18 agosto, 2014

LAS MONTAÑAS DE SANTIAGO

Salgo una la mañana del edificio enorme donde vive mi amigo Raúl en Santiago, me encuentro a una chica agachada frente a la grama y frente a ella una perrita salchicha toma el sol con los ojitos semi cerrados.
Me acerco.
Le hago un cariño a la pequeña y comento ¿Es viejita verdad?
-       Tiene 13 años.
-       Ay la mía duró 12, uno los quiere tanto.
-       Sabes, creo que le queda poco, está re enferma.
Le hago otro cariño a la pequeña y le digo que no sufra, volteo a ver a su dueña y le comento que es bueno comenzar a despedirse para que se vaya tranquila, que es duro, pero es lo mejor. Veo que comienza a llorar y le ofrezco un abrazo.
Ella se levanta y me abraza fuerte.
Lloramos las dos.
Sigo mi camino y no sé cómo se llaman ni ella ni la perrita.

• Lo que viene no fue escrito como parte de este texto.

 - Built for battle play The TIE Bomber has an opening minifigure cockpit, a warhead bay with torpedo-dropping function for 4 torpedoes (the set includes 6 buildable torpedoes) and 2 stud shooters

Me pasa a menudo. La gente me cuenta, se abre conmigo, me regala instantes de intimidad tan bonitos. Los atesoro. Puede que sea un don, de a ratos me pesa, pero por lo general es sólo bonito y humano escudriñarle el alma a otro.

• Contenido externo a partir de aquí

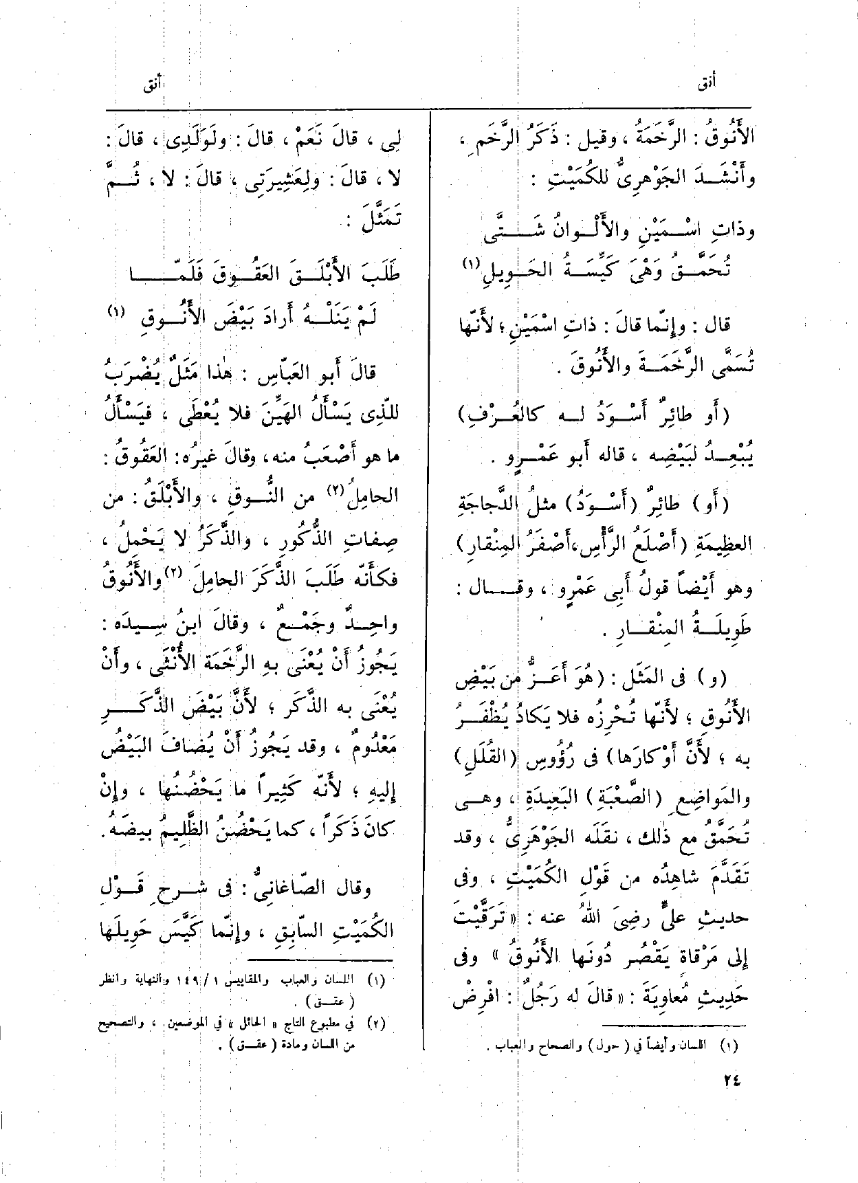 {الأنَوقَ: الرخَمَة، وَقيل: ذَكَرُ الرخم وأّنشد الجوهرِيّ للكمَيت:

Creo que no conecté con Santiago. Me pareció una hermosa ciudad, especialmente por las montañas que la rodean, que si bien retienen el molesto smog, te dan la sensación de espacio natural y eso se les agradece. Me cautivó su historia repleta de cicatrices que aún sanan, su avasallante progreso, sus callecitas de casas bajas y bonitas, sus edificios enormes, sus parques y hasta el frío.  Pero hay ciudades con las que conectas y ciudades con las que no.
Estoy segura de que a Chile voy a volver porque esa visita al Cajón del Maipo con la maravilla turquesa que es el Embalse el Yeso me dejó con ganas de mucha más naturaleza chilena. Con ansia de explorar sus espacios abiertos, sus silencios, su vastedad.

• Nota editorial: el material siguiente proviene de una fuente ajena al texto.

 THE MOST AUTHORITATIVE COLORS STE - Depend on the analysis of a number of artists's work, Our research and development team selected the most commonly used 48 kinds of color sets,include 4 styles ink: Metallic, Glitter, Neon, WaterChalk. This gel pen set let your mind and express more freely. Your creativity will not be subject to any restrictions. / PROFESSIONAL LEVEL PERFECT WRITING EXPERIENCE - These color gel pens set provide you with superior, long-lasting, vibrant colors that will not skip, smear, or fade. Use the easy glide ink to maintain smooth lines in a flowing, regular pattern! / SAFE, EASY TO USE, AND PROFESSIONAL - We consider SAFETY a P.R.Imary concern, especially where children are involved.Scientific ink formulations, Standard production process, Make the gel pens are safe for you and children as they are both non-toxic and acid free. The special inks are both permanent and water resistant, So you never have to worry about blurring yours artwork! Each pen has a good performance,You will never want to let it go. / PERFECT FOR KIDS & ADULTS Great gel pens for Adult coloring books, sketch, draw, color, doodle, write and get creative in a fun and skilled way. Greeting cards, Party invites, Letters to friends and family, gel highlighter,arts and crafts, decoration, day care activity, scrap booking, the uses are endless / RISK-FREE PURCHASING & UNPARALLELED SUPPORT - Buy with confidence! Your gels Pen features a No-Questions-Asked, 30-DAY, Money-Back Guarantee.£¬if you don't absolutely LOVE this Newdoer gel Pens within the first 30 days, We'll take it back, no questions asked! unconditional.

Creo que llegué a Santiago a regalarle sonrisas del Caribe a mis compatriotas que ahora hacen vida en el sur. No vi a muchos, apenas unos pocos y en especial a cuatro.
Unos me agradecieron la risa
¿Es ese mi don? Saber sonreír. Alegrar. Ser optimista, positiva o como sea que eso se coma ¿Es abrirle el corazón a la gente? ¿El mío, el de ellos, ambos? ¿Es ser espejo? ¿Comunicar? Siempre he creído que es comunicar, pero entiendo de a ratos que para hacerlo he aprendido a escuchar, a ponerme en los pies de otros, a saber relacionarme y conectar con los sentimientos ajenos, a ayudar a desenredar el pabilo del sentir.

Emigrar es tan duro.
En la vida todos llevamos una maleta de recuerdos encima, pero cuando salimos lejos de casa parece que pesa más. Debe ser la sensación de que la cargas solito.
Durante mis días en Santiago agarré una de las asas de la maleta de Gabi, una hermana caribe que me regaló el destino y le permití verse en mis ojos para saber que todo va a estar bien, que ella tiene el poder de descargar parte del equipaje, seguir más liviana y ser feliz donde esté.
Pensé que Víctor venía a acompañarme a hacer fotos durante un día, pero tengo la sensación de que en su bonita soledad, fui yo la que le hice compañía un rato. O nos hicimos compañía. Al fin y al cabo es lo mismo.
A Raúl vine a verlo feliz, a darle la alegría de presenciar que ya todo pasó y que ese remanso de paz que lo acompaña es hermoso. Y merecido.
A Rei vine a verlo lanzarse, triunfar y a reírnos mucho juntos. Mucho, mucho, mucho.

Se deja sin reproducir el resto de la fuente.